USA IT Services

Phishing (email), Smishing (text), and vishing (voicemail) continue to be the top conduits for fraudsters to penetrate business or personal networks. These tactics enable fraudsters to obtain personal information, login credentials, or account information and are foundational to other means of compromise. Educating your employees on how to identify the red flags is critical to prevention.

Business Email Compromise (BEC)
BEC takes on different forms and may be very difficult to detect. The three main points of entry are:
Employee email compromise – uses an employee's personal email to request a change in their direct deposit information for payroll or other compensation.
Vendor email compromise – uses a fake email account to impersonate a vendor asking for a change in accounts payable payment information.
Executive impersonation – impersonates a company executive or trusted authoritative figure to request the origination of a payment or a change to the payment information.
The government agency, www.ic3.gov received almost 800,000 registered complaints in 2020 and expects that number to rise significantly in 2022. Of those complaints, over 19,000 were specific to BEC and generated over $1.8 billion dollars in losses.


A simple yet highly effective mitigant for BEC is to STOP-CALL-CONFIRM.
STOP – DO NOT process the request received via email
CALL – Call the sender using a legitimate phone number known to you. DO NOT reply to the email, and DO NOT call the number listed in the email
CONFIRM - Verify that the real vendor or employee did, in fact request the change

Often seen as a threat to only large corporate entities, ransomware is now impacting businesses regardless of size or industry segment. Ransomware typically involves infecting devices with a virus that locks files behind unbreakable cryptography and threatens to destroy them or publicly reveal sensitive information unless a ransom is paid. Ransomware is typically deployed through phishing attacks – where employees of an organization are tricked into providing information or clicking a link that downloads the ransomware software (malware).

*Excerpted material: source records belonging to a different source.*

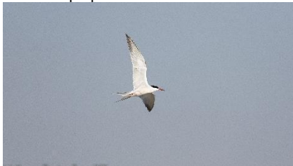
Common Tern, Larnaca Sewage Works, 15 th May.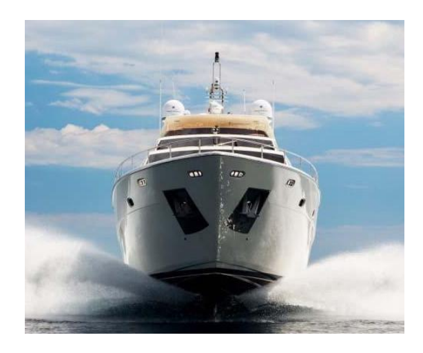
M/Y PORTHOS SANS ABRI, a beautiful FERRETTI 881 RPH, offers dimensions and spaces quite similar to the yachts of 100" and over.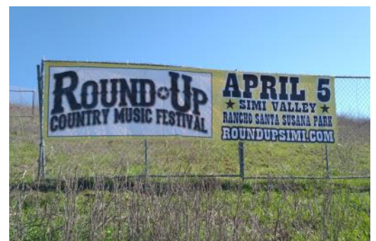
L-R: Friends of Kiwanis at Varenita Senior Living make neck coolers for veterans; members greeted guests and sold refreshments at the Simi Library for Read Across America; signs and banners have been placed all over town to announce our upcoming Round*Up Country Music Festival, including this one beside a freeway.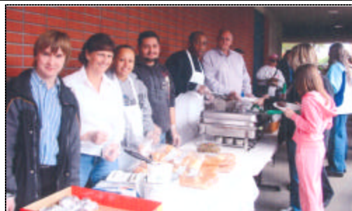
The Plumas Club Fundraiser BBQ Raised over $500.00 to Pay for This Year's Revue!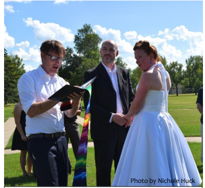
Outdoor service in Wascana Park

Knox-Met's minister will meet with you and build a service that is full of joy and meaning. Your distinctive and unique ideas are welcome here.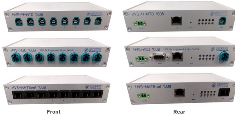
NOFFZ HDS with different automotive connectors like HSD, MATeNet & H-MTD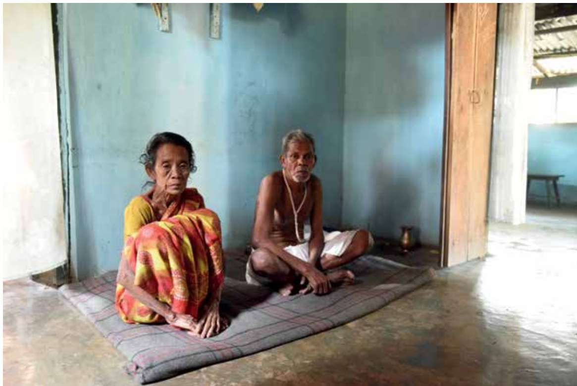
Tea plantation workers struggle to secure their access to food and nutrition.

they were not allowed to vote in local elections for their “Panchayats” (village self-governments). Even today, any development work that the “Panchayats” want to take up in the area of an estate has to first get a No Objection Certificate (NOC) 35 from the management. Moreover, workers are often denied access to many government schemes. For example, a rural housing scheme, Indira Awas Yojana, is never extended to them because their houses are on “company land”; water points, roads and even schools are never developed because they are the “company’s responsibility”. With the “company” not fulfilling its side of the bargain and the government turning a blind eye, workers always end up being overlooked and deprived of their basic rights.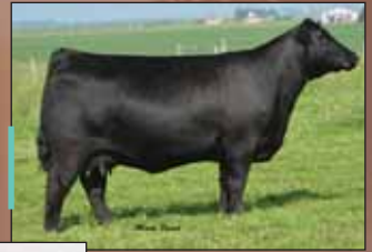
PVF BLACKBIRD 3070, DAM OF LOT 1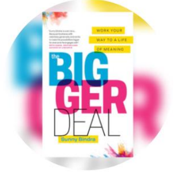
HReads The Bigger Deal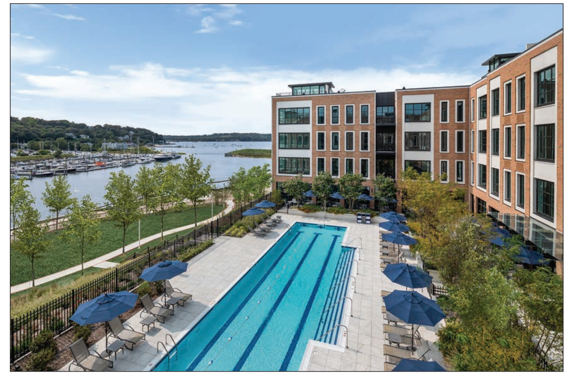
The Beacon at Garvies Point in Glen Cove, New York

We are also committed to having diverse talent work on our development projects. A good example is our master development in Downtown New Rochelle, where we are attracting a diverse group of workers, particularly from the local community. For each project, we begin job training a year before we start construction, and we hold a series of job fairs with the different building trades performing work on the project. We are constantly seeking ways to leverage our developments to benefit the communities where we operate. At our JFK project in Southeast Queens, we have committed to 30 percent MWBE (Minority- and Women-owned Business Enterprise) participation across the over $4 billion project and we're also hiring talent from the local community.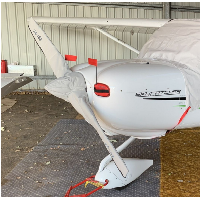
Cessna Skycatcher 162 Canopy Cover and Engine Inlet Plugs Cessna Skycatcher Prop/Spinner Cover, Engine Plugs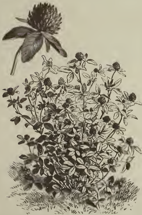
BROAD-LEAVED ENGLISH RED CLOVER

Daniels' Giant Red Clover. A fine strong growing Clover, producing a heavy crop, and has the advantage of standing longer than the ordinary Red Clover. Highly recommended. Sow 16 to 20 lbs. per acre.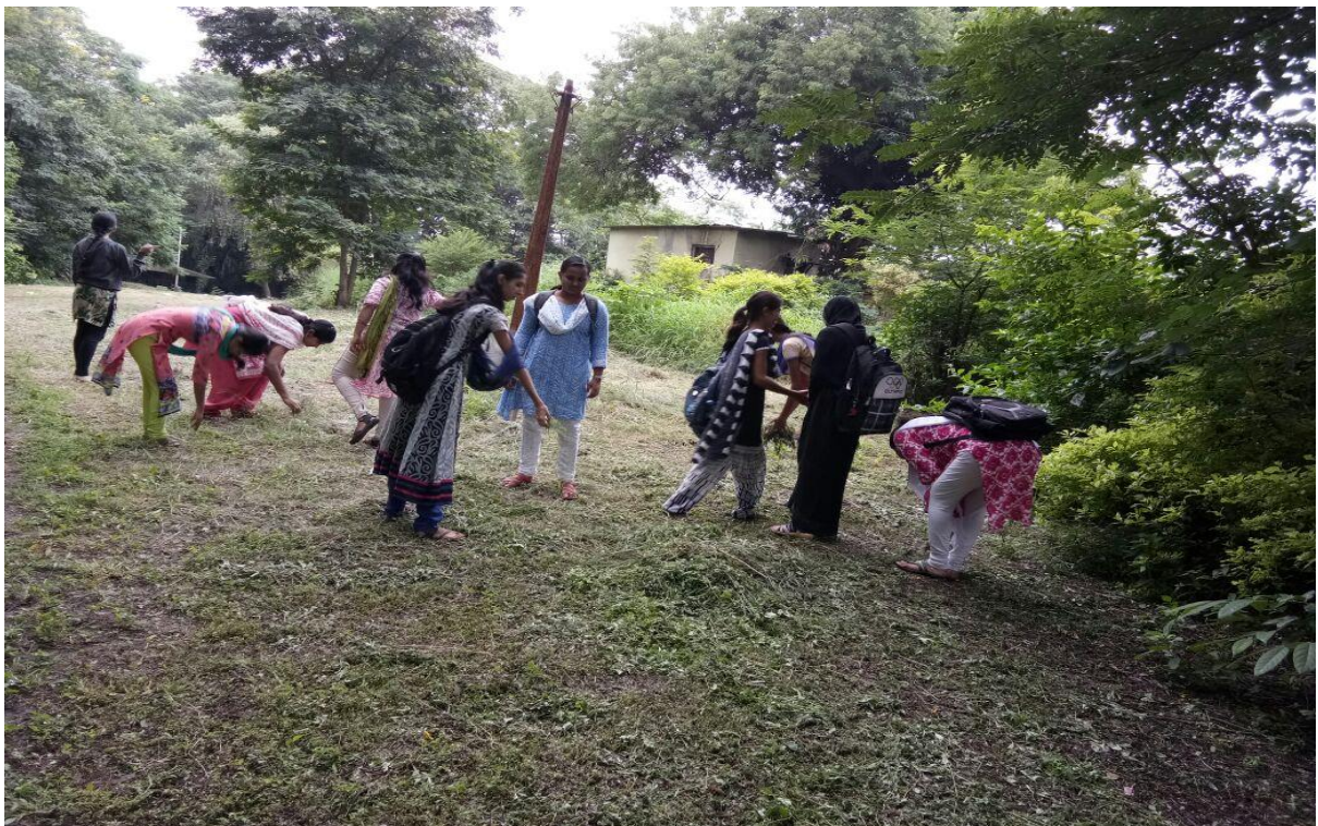
Cleaning premises in Huttama Garden.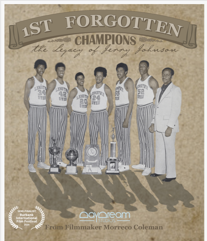
1st Forgotten Ones Poster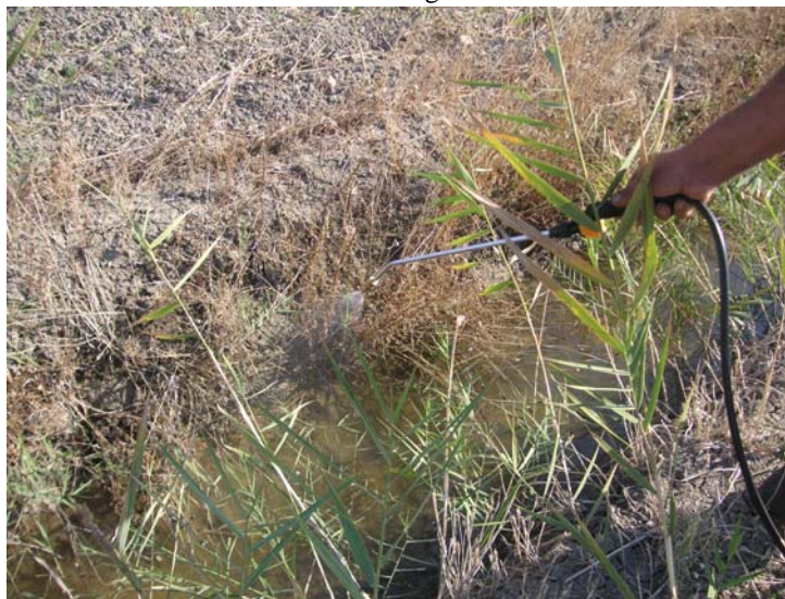
FIGURE 3 Large scale field test site

The tests have been carried out in two drainage canals in Metaponto plain (Basilicata Region - South of Italy). The test product was sprayed on the infested area and samples of water were collected before and after the treatment to measure the variation of concentration of mosquito diptera larvae (microscopic observation) versus time. Multiple samples are taken at each time to get statistically sound results (average and % Abbott test values are shown at the point 3). The results were compared with untreated controls on the same infested drainage canals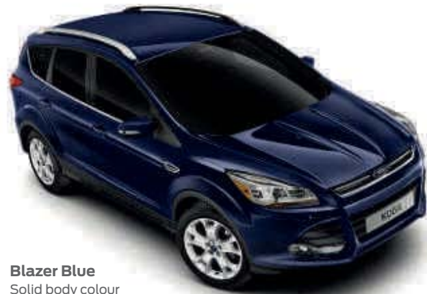
Blazer Blue Solid body colour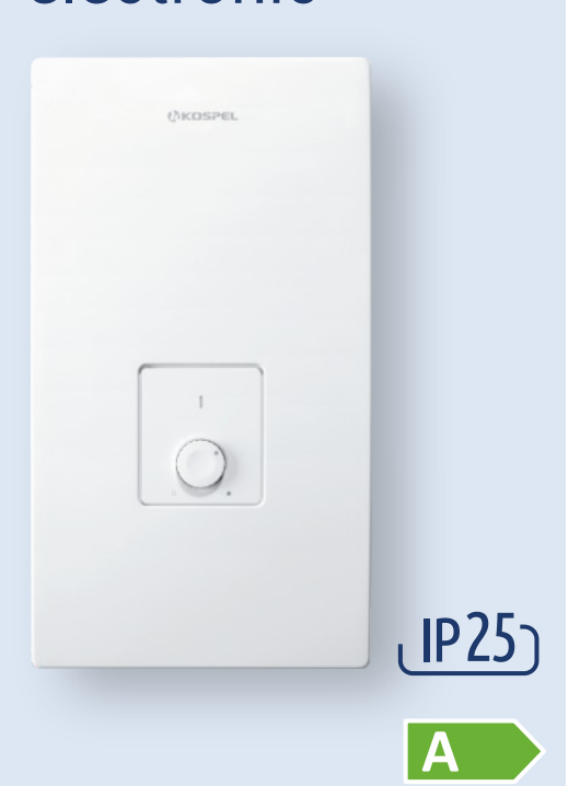
Electronically controlled heater.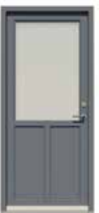
Glazed door with 2 bottom panels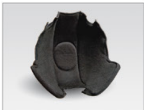
Lining with comfort soft pad (detachable washable and replaceable)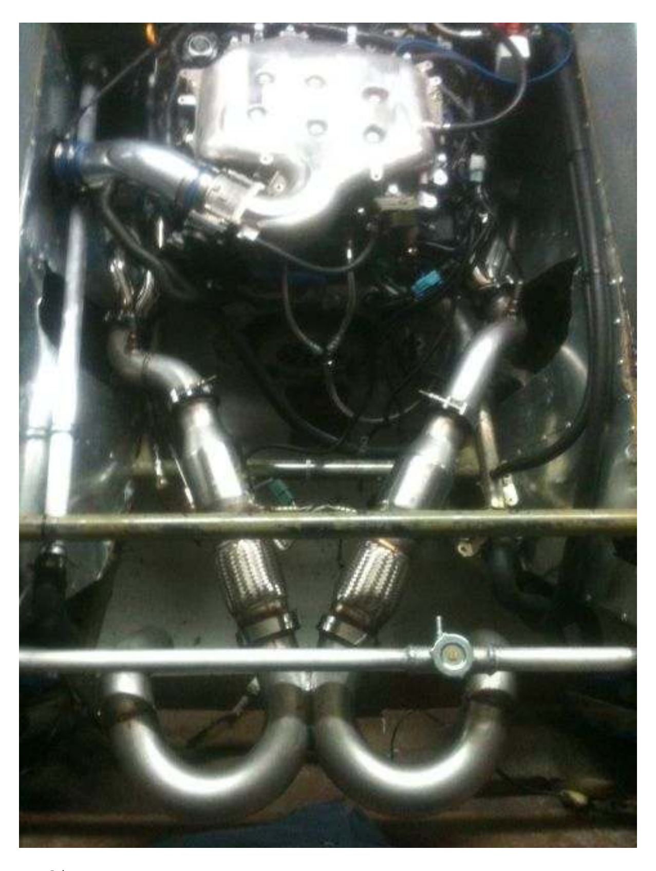
-Felipe Speed Shop Performance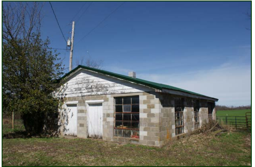
Excellent workshop (20' x 27.5') with plenty of light.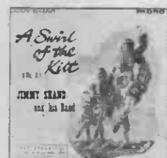
JIMMY SHAND Parlophone GEP8828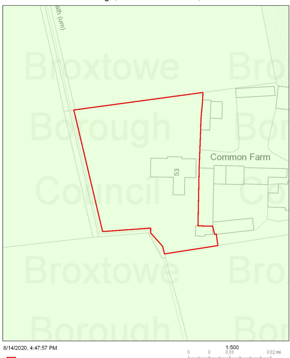
Rose Cottage, 53 Awsworth Lane, Cossall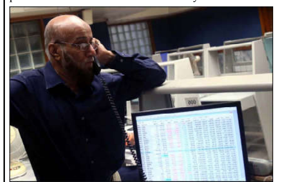
KARACHI: Brokers are busy in trading at Pakistan Stock Exchange (PSX) in Karachi.

The discussion covered the current structure of the scheme, including its three operational tiers, and explored the potential benefits and logistics of introducing additional tiers. They underscored the government's commitment to enhancing opportunities for the youth and promoting sustainable business development across the country.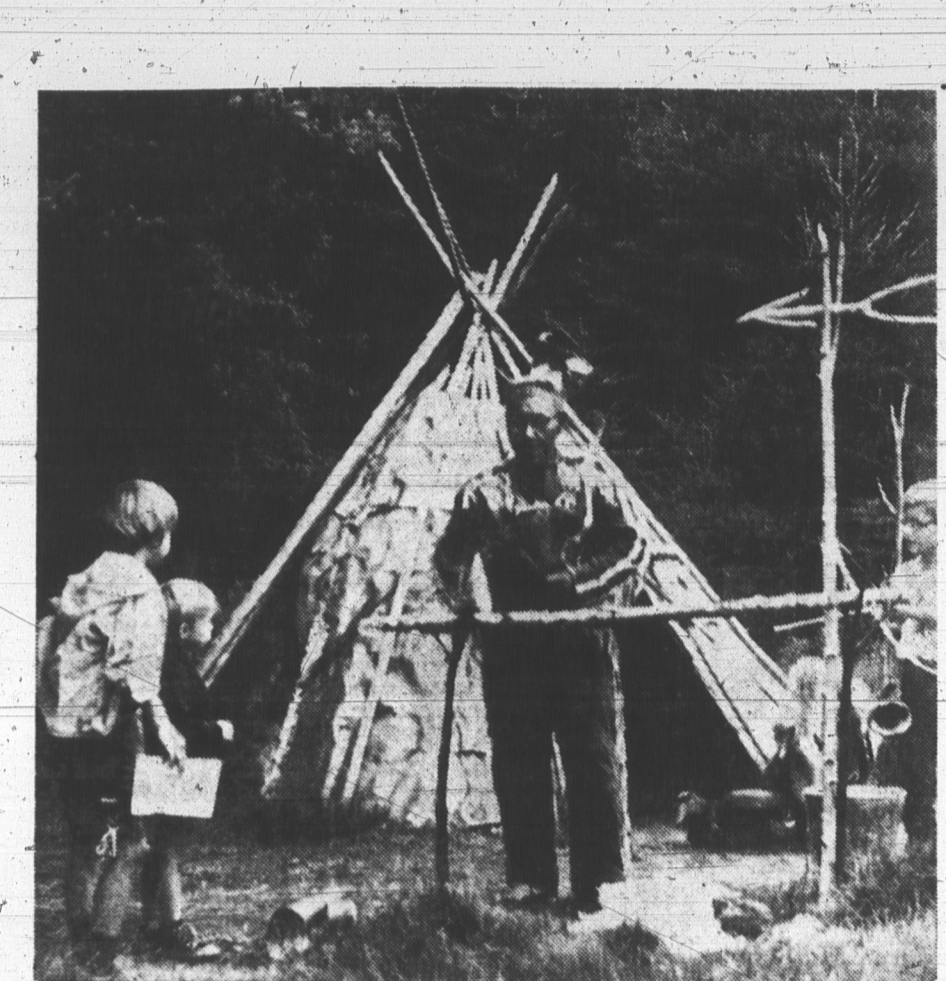
Mie Mac Indian Village located at Rocky Point, P.E.I.

Island Made Visitors Welcome ● Yarns ● Blankets ● Auto Robes ● Island Tartan Blankets Made of 100% Virgin Wool WM. CONDON and SONS 65 Queen St. Dial 4-8712 Charlottetown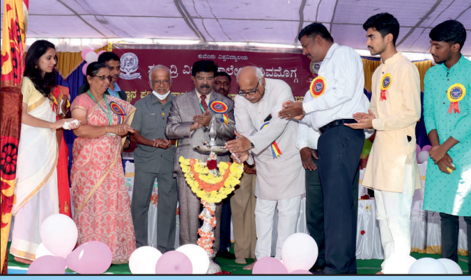
ವಿಜ್ಞಾನ ಪರಿಷತ್ ಉದ್ಘಾಟನಾ ಸಮಾರಂಭ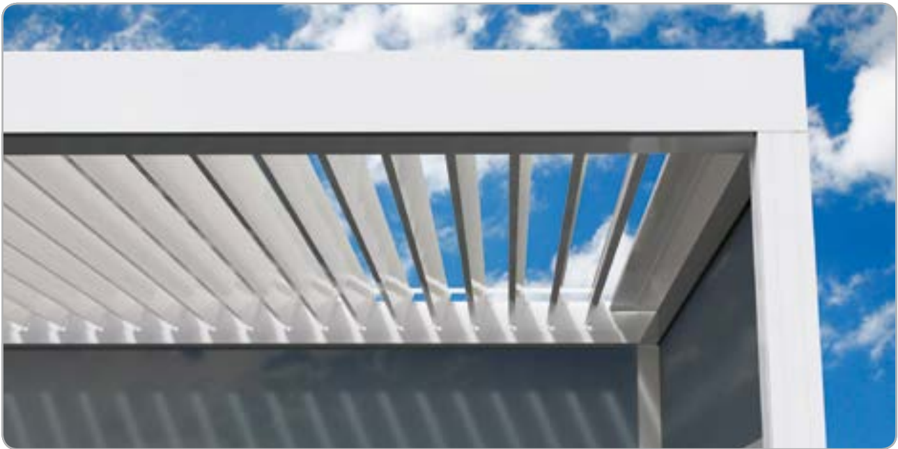
In open position: adjustable sun protection and ventilation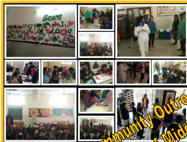
Community Outreach Programme of Middle School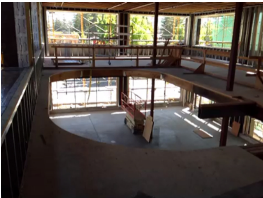
008 Interior at Suite D.Video 2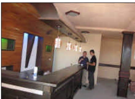
IOM VARRP supported business in the service sector-Restaurant in Ferizaj/Urosevac

Through this programme, during the period from May to August 2008, 23 persons returned and were entitled to reintegration assistance. The majority of these returnees have taken advantage of the assistance available to them and almost all have been counselled. The main areas of returnees' income generating projects have continued to be: on the job training supported through salary subsidies, jobs in the service sector and agriculture as well as activities related to construction. During above mentioned period, 22 individuals have benefited directly and 26 indirectly from the 11 projects supported by the VARRP reintegration fund.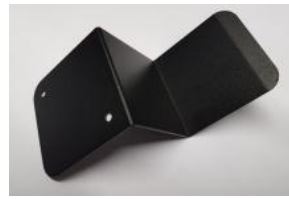
Headset Stowage Bracket

Spare Boom Microphone for all A-Kabel type Headsets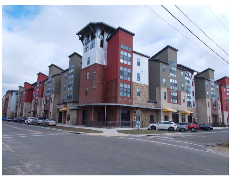
The completed Catalyst development from Madison Street.

8. Completion of 601 South Copeland. 601 South Copeland is a student housing development that consists of 81 apartments with 283 beds, a 5,000 square foot resident's community center, and a 5-story parking garage with 282 parking spaces. The CRA grant funds were used for roadway enhancements, streetscape and visual enhancements along the edges of the property, the relocation of overhead electric lines, and stormwater pond improvements. The development is located on a former vacant City utility drive-through payment center at the intersection of Macomb, Madison and St. Augustine Streets. Construction began in the summer of 2012 and was completed in September 2013. The development will be added to the tax rolls in 2014, and will generate tax increment for the CRA starting in FY 2015. The development is projected to have a post-construction taxable value of $11.5 million, an increase of $10.2 million over the current taxable value to the DT District.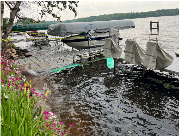
Photo courtesy of OWOS – Integrated Nutrient, Organic Load, and Environmental Exposure Reduction Program for Cancer Prevention

OWOS improves cancer prevention by removing or reducing contaminants linked to carcinogenic mechanisms. One example of how OWOS enforces contaminant reduction is through intercepting nitrates from stormwater, tile drainage, agricultural runoff, and urban corridors before they reach drinking water sources. In addition, OWOS integrates six synergistic solution lines: Flo-Water, AquaFlex, BioFlex, Natura Solve, 42Biochar (Biochar Platform), and BioStar (Chitosan & Treatment Enhancements).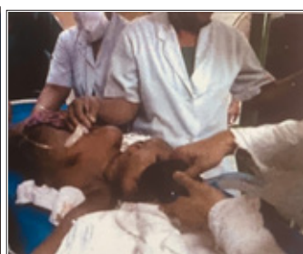
Case 1 : Figure 2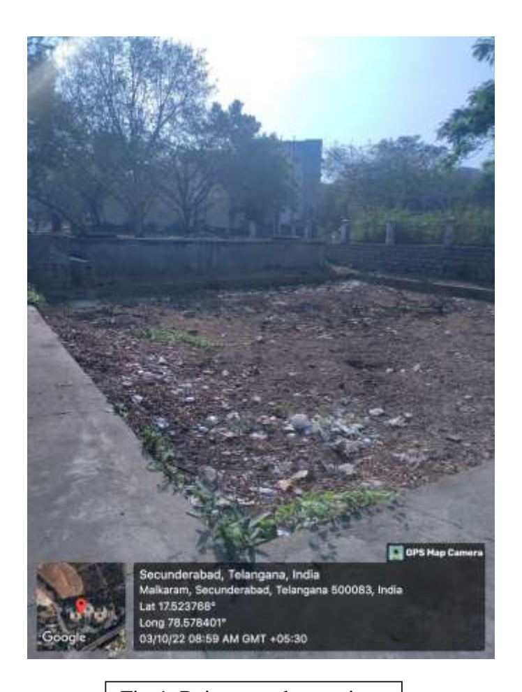
Fig-1: Rain water harvesting

Website: <a href="www.ncds.co.in">www.ncds.co.in</a> Email : <a href="army">army</a> c5],rer1iffmoi1.com</a> NAAC Accredited 'A' & Certified 1SO 9001 : 2015 & ISO 14001 : 2015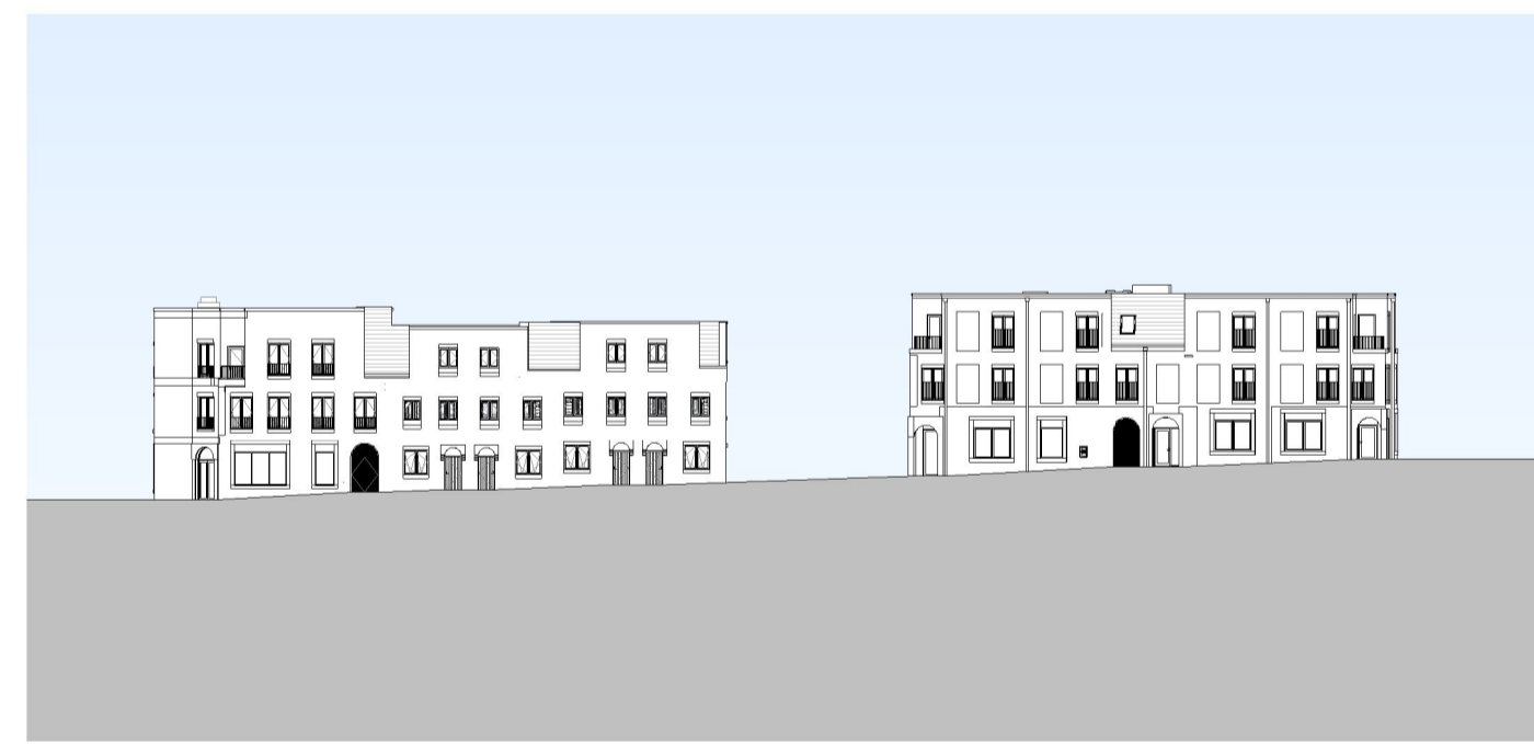
4 Street Scene - Radcliffe Street East 1 : 500

To avoid such loss, be sure your firewalls are updated with the most recent patches, your critical data is secure and backed up offsite, and your employees are knowledgeable about phishing attempts. Additionally, be sure to have a thorough response plan in place to react quickly in the event of an attack. Leverage the framework provided on the www.cisa.gov website to create your plan.

As was mentioned earlier, many phishing attempts target individuals and employees to obtain login credentials, non-public information, and personal data that can be used to impersonate the legitimate user. The more information the fraudster has about you or your business, the more convincing the impersonation will be. Guard your information closely and regularly update your passwords, refraining from using the same password for multiple platforms. It is also a good idea to regularly check your credit report for any unauthorized activity. Lastly, establish a vendor management program with clear expectations around access to your systems and data.

Many of the latest devices are connected to the internet via wifi or other mobile wireless connection. These devices are convenient, but they are also gateways into your network if not protected properly. Take appropriate precautions to mask, or encrypt, your information. Make sure to password protect your devices and secure your home and office network.


These are just a few of the many fraud schemes being used today. It pays to be fraud aware and keep yourself and your employees educated on the latest trends.